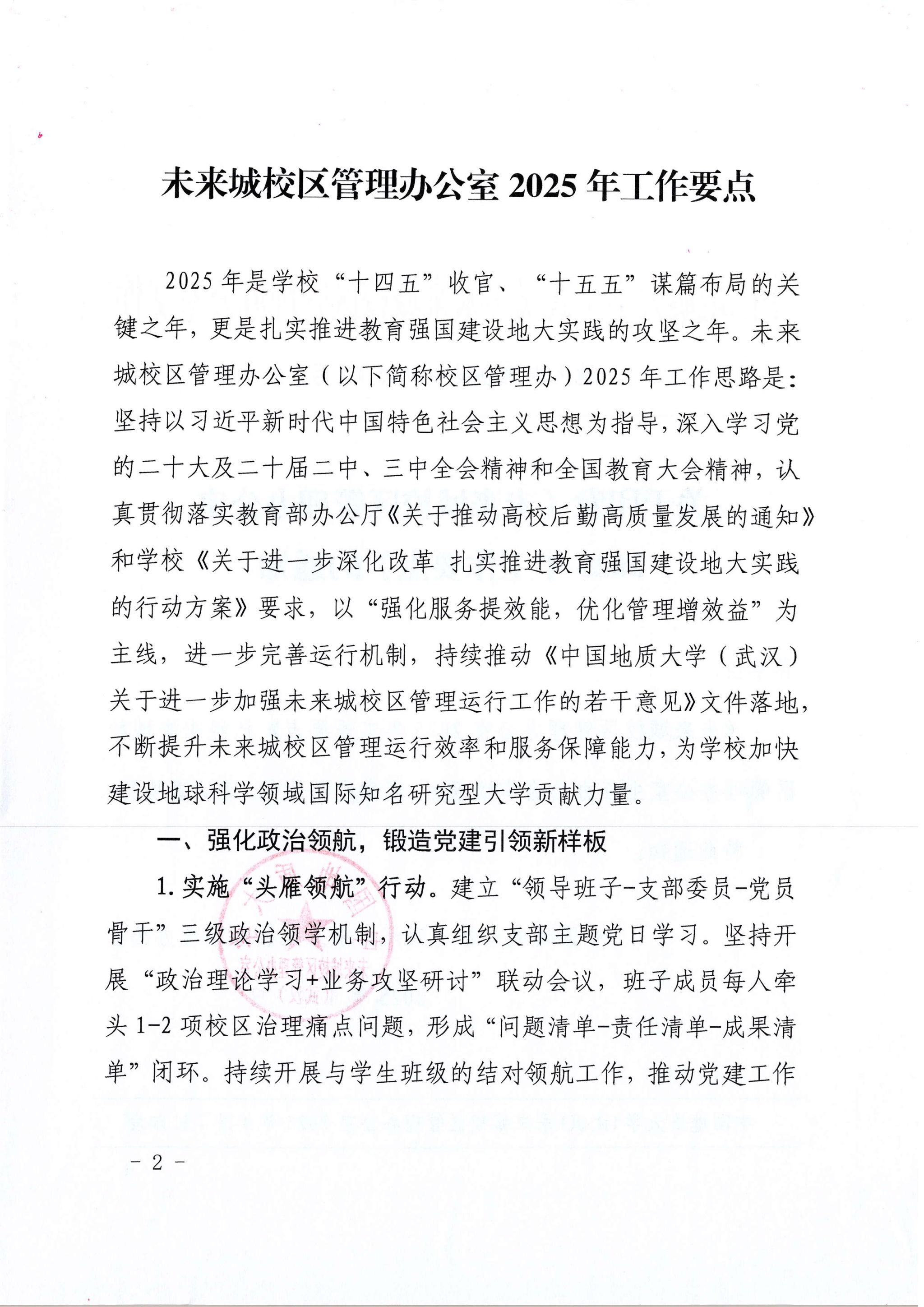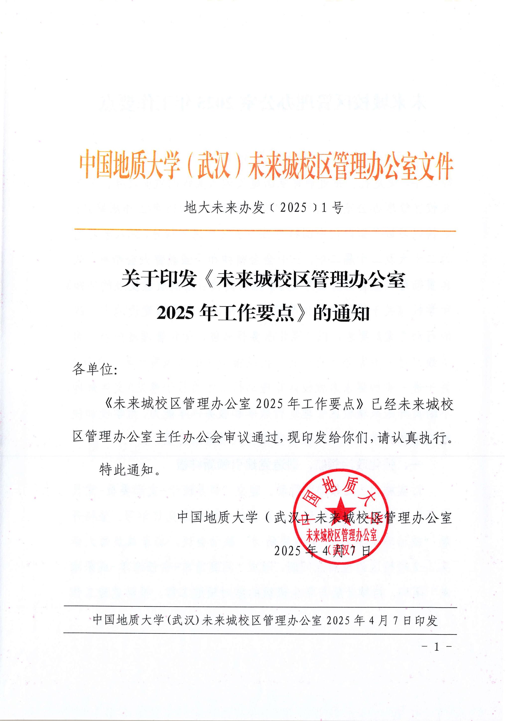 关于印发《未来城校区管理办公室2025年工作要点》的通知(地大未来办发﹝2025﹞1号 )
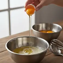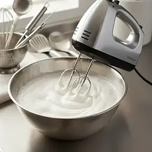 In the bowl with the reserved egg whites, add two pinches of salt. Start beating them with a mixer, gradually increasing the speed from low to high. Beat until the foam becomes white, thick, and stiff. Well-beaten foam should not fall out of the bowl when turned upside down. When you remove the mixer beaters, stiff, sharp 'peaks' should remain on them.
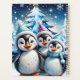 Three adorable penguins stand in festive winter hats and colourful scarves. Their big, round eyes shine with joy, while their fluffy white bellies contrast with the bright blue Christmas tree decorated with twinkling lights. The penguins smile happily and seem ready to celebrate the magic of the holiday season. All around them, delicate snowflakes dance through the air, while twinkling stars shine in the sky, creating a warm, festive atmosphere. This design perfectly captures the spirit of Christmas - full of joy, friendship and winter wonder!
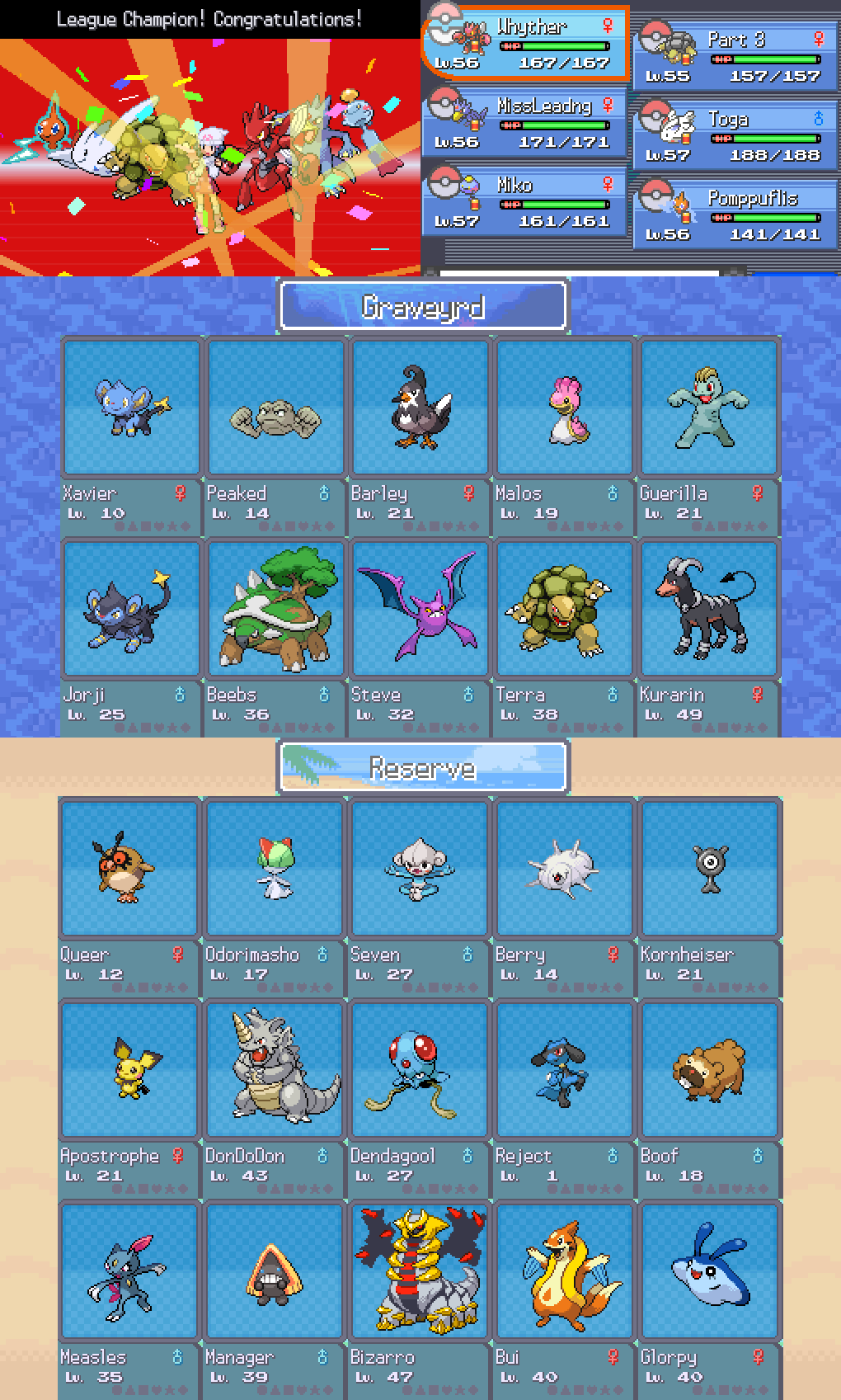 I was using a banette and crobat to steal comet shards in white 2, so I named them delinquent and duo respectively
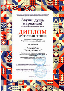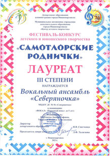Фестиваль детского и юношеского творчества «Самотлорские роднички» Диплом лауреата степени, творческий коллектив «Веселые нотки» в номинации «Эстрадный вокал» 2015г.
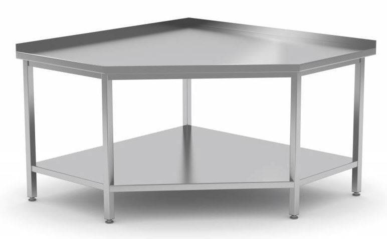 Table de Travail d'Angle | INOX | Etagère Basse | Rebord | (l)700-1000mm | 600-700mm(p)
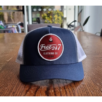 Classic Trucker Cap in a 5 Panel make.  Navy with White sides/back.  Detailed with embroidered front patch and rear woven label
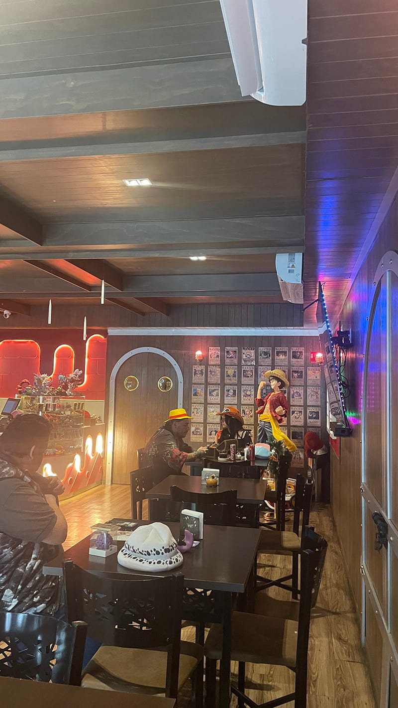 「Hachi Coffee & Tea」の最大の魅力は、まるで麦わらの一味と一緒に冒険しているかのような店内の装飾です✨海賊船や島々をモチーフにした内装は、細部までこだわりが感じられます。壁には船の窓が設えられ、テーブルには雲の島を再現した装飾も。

####

**What is being asked**
Every entry above is to be set down exactly; the pictures are to be left out.

**Task solution**
 关于印发《未来城校区管理办公室2025年工作要点》的通知(地大未来办发﹝2025﹞1号 )
 In the bowl with the reserved egg whites, add two pinches of salt. Start beating them with a mixer, gradually increasing the speed from low to high. Beat until the foam becomes white, thick, and stiff. Well-beaten foam should not fall out of the bowl when turned upside down. When you remove the mixer beaters, stiff, sharp 'peaks' should remain on them.
 Three adorable penguins stand in festive winter hats and colourful scarves. Their big, round eyes shine with joy, while their fluffy white bellies contrast with the bright blue Christmas tree decorated with twinkling lights. The penguins smile happily and seem ready to celebrate the magic of the holiday season. All around them, delicate snowflakes dance through the air, while twinkling stars shine in the sky, creating a warm, festive atmosphere. This design perfectly captures the spirit of Christmas - full of joy, friendship and winter wonder!
 I was using a banette and crobat to steal comet shards in white 2, so I named them delinquent and duo respectively
Фестиваль детского и юношеского творчества «Самотлорские роднички» Диплом лауреата степени, творческий коллектив «Веселые нотки» в номинации «Эстрадный вокал» 2015г.
 Table de Travail d'Angle | INOX | Etagère Basse | Rebord | (l)700-1000mm | 600-700mm(p)
 Classic Trucker Cap in a 5 Panel make.  Navy with White sides/back.  Detailed with embroidered front patch and rear woven label
 「Hachi Coffee & Tea」の最大の魅力は、まるで麦わらの一味と一緒に冒険しているかのような店内の装飾です✨海賊船や島々をモチーフにした内装は、細部までこだわりが感じられます。壁には船の窓が設えられ、テーブルには雲の島を再現した装飾も。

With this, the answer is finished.